The model uses data and algorithms to improve testing accuracy.
For validation, an additional 223 plasma samples were analyzed from individuals in Hong Kong and included samples from 90 people with HCC, 66 with hepatitis B virus (HBV), 35 with HBV-related liver cirrhosis, and 32 people with no underlying risk factors.
The researchers performed the test on cfDNA fragments isolated from the plasma samples and analyzed the patterns of fragmentation across each sample to develop a DELFI score.
Scores were low for cancer-free individuals with viral hepatitis or cirrhosis (median DELFI scores were 0.078 and 0.080, respectively), but, on average, five to 10 times higher for the 75 HCC patients in the U.S./EU samples, with high scores observed across all cancer stages, including early-stage disease (DELFI scores for Stage 0 = 0.46, Stage A = 0.61, Stage B = 0.83, and Stage C = 0.92).

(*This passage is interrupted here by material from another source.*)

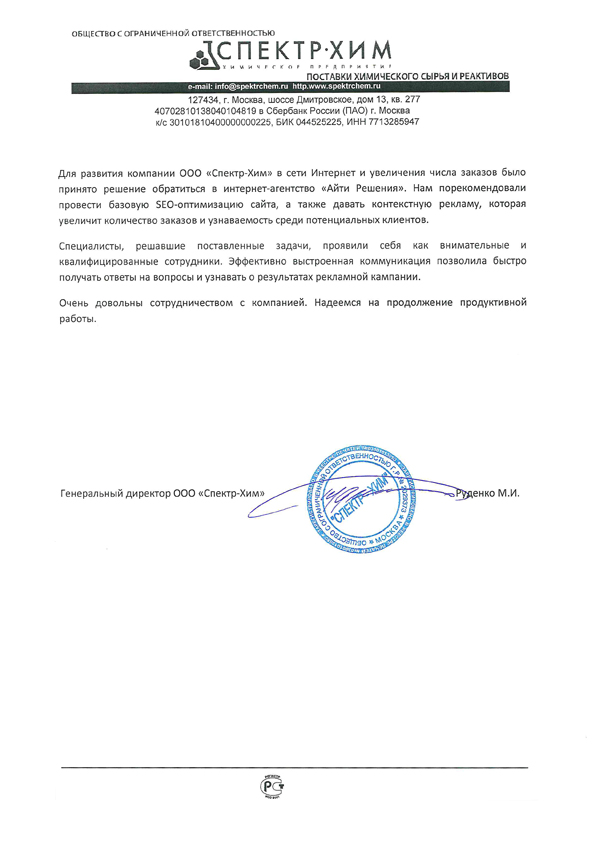 Для развития ООО "Спектр-Хим" в сети Интернет и увеличения числа заказов было принято решение обратиться в агентство «АйТи Решения». Нам порекомендовали провести базовую SЕО-оптимизацию сайта, а также давать контекстную рекламу, которая увеличит количество заказов и узнаваемость среди потенциальных клиентов. Специалисты, решавшие поставленные задачи, проявили себя как внимательные и квалифицированные сотрудники. Эффективно выстроенная коммуникация позволила быстро получать ответы на вопросы и узнавать о результатах рекламной кампании. Очень довольны сотрудничеством. Надеемся на продолжение продуктивного сотрудничества.
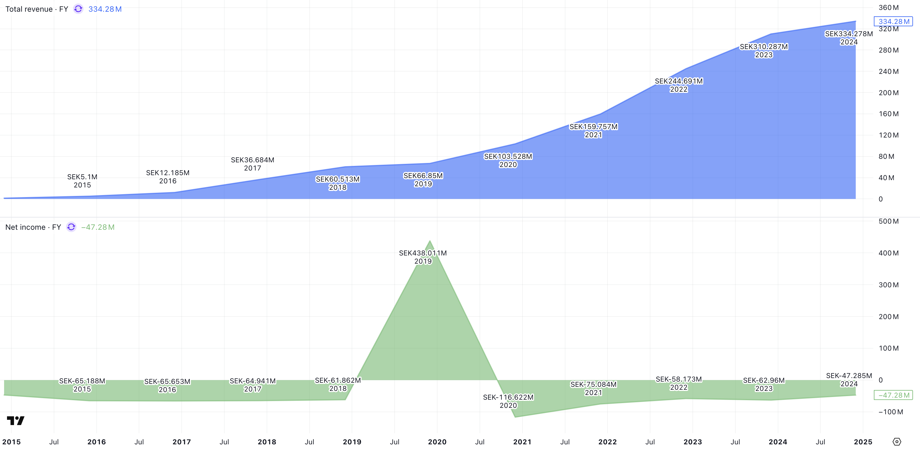 Ovan går att se hur PowerCells omsättning och vinst utvecklats över tid, mellan åren 2015 och 2024. Omsättningen uppgick till ungefär 5 Mkr i början av perioden och 334 Mkr år 2024. Det ger en ackumulerad genomsnittlig ökning med 52 % per år.

In addition, the test detected fragmentation changes in the content and packaging of liver cancer genomes, including from genome regions associated with liver-specific activity, the researchers said.
HCC prevalence
Johns Hopkins noted that an estimated 400 million people worldwide are at higher risk of developing HCC because of cirrhosis from chronic liver diseases including chronic viral hepatitis or non-alcoholic fatty liver disease. More than 800,000 people are diagnosed with liver cancer worldwide each year, and it is a leading cause of cancer deaths worldwide, according to the American Cancer Society.
The standard of care for liver cancer screening is ultrasound and blood-based alpha-fetoprotein (AFT) tumor marker testing. “The sensitivity of these for cancer is limited,” Velculescu said. “Unfortunately, at diagnosis, less than half of all liver cancer cases are localized. In those cases, five-year survival is 34%, and just 12% when regional and 3% when distant. We see a need for a highly sensitive, affordable, and accessible form of early detection.”
According to Kim, less than 20% of the high-risk population is screened for liver cancer because of accessibility and suboptimal test performance. “This new blood test can double the number of liver cancer cases detected, compared to the standard blood test available, and increase early cancer detection,” Kim added.